Um pouco como fazia o coro neoliberal, no arrastão ensurdecedor dos anos 70. ‘Rendam-se, não há alternativa!”, ordena a fuzilaria que coordena denúncias não comprovadas, mas oportunamente vazadas na largada do segundo turno, farto bombardeio seletivo na economia e clima de já ganhou nas bolsas e demais circuitos do dinheiro grosso.
Lembra um pouco, também, o massacre de agosto, quando a então recém assumida candidata do PSB, Marina Silva, emergiu para a disputa levitando em um aluvião de quase santidade, apoios em cascata e inexorabilidade histórica.
A fase alegre dos consensos em torno da terceira via, como se sabe, liquefez-se em semanas.
O que se tenta agora é reeditar o embalo, com um material já de partida um pouco mais gasto.
Sai a terceira. Turbina-se o revival da ‘via única’ dos anos 90, revisitada – acredite-se - na forma de salvação nacional.
À falta de algo melhor, um Churchill das gerais assume o comando.
Se não possui la physique du rôle por conta de outros tantos predicados que não propriamente anatômicos, não se vexa de avocar-se o portador da ‘eficiência e da decência’.
Passemos.
Não se pode negar a audácia diante de uma trajetória –tanto a biográfica, quanto a moldura histórica mais geral - ainda fresca, recheada de marcadores em sentido flagrantemente oposto ao evocado pelos novo salvacionismo.
Apenas para ilustrar: fruto justamente das receitas e práticas servidas agora como o manjar da redenção nacional, o mundo se arrasta há seis anos na maior crise vivida pelo capitalismo desde 1929.
Advém desses hiatos de coerência a sofreguidão perceptível com que os juízes do imaginário social tentam encerrar o jogo antes da hora.
Vale tudo para garantir o placar logo na saída. E há compradores nessa feira de liquidação de escrúpulos.
Epitáfios biográficos saltam aqui e ali do mutirão convocado a dar forma palatável à gororoba indigesta que se enfia na goela da sociedade.
‘Às vezes, o reacionário serve de avanço", salpica o dirigente do Partido Socialista Brasileiro, Roberto Amaral.
O PSB tem história como trincheira da dignidade política.
Nele militaram intelectuais e socialistas como Antonio Cândido, Fúlvio Abramo, Adalgiza Nery, Barbosa Lima Sobrinho, Sergio Buarque de Hollanda, Rogê Ferreira e Arraes, entre outros.
Nesta 4ª feira, a sigla se juntou à nervosa escalada rumo ao que, algo difusamente, denomina-se ‘candidatura da mudança’.
Registre-se, não sem um contundente protesto.
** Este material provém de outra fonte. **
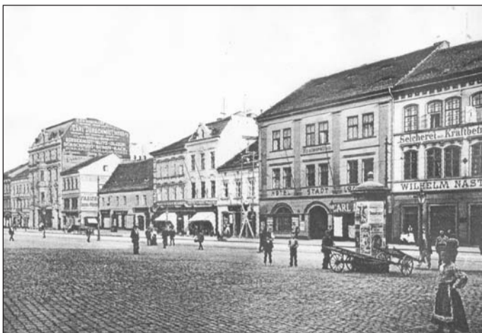
Pohled na zástavbu jižní strany tržního náměstí v roce 1899. Linie domů se sice dodnes nezměnila, ovšem dnešní zástavba prošla už mnoha změnami - zvýšením pater i celkovou modernizací.

Někdejší stará osada Ústí byla založena v dávných dobách v místech, kde ústí řeka Blžina, též zvaná dříve Bělá, do Labe. Odtud také dostala obec svoje jméno. Výhodnost obrany tohoto místa zůstává i dnes na první pohled zřejmá. Na jihu uzavírá údolí vrch Větruše, na severu strmá Mariánská skála, na východě vrch Sedlo a na jihovýchodě Střekovská skála. Do této sevřené kotliny vedlo hned několik starobylých obchodních cest, spojujících Čechy se sousedními zeměmi.

Enquanto a executiva do PSB juntava-se ao PSDB de Aécio Neves, Fernando Henrique e Serra, para derrotar o PT de Lula e Dilma, a deputada Luiza Erundina retirava-se da reunião do partido por não aceitar o cediço passo.
‘Farsa’, disparou na saída.
O jogral conservador insiste que se trata de outra coisa.
Qual seja, salvar o Brasil das mãos do ‘intervencionismo’ anacrônico, que atrapalha os mercados, solapa a confiança dos investidores, dilapida as estatais, paralisa o crescimento.
Nem mais um país; na verdade uma ilha de crise, cercada da oceânica prosperidade mundial, da qual inadvertidamente se apartou.
Será? Vejamos:
‘A produção industrial despencou 4,8% em agosto em relação a julho; as encomendas à indústria caíram 5,7% no mês; sem novas encomendas, outros tombos virão até o final do ano; as exportações cresceram apenas 0,9% no ano passado, contra 8%, em média, antes da crise; as perspectivas de expansão pelo comércio exterior são reduzidas; a queda mensal de 5,8% nas exportações em agosto é a maior desde janeiro de 2009; a tendência do PIB no terceiro trimestre ante o anterior é de uma expansão medíocre da ordem de 0,3%..’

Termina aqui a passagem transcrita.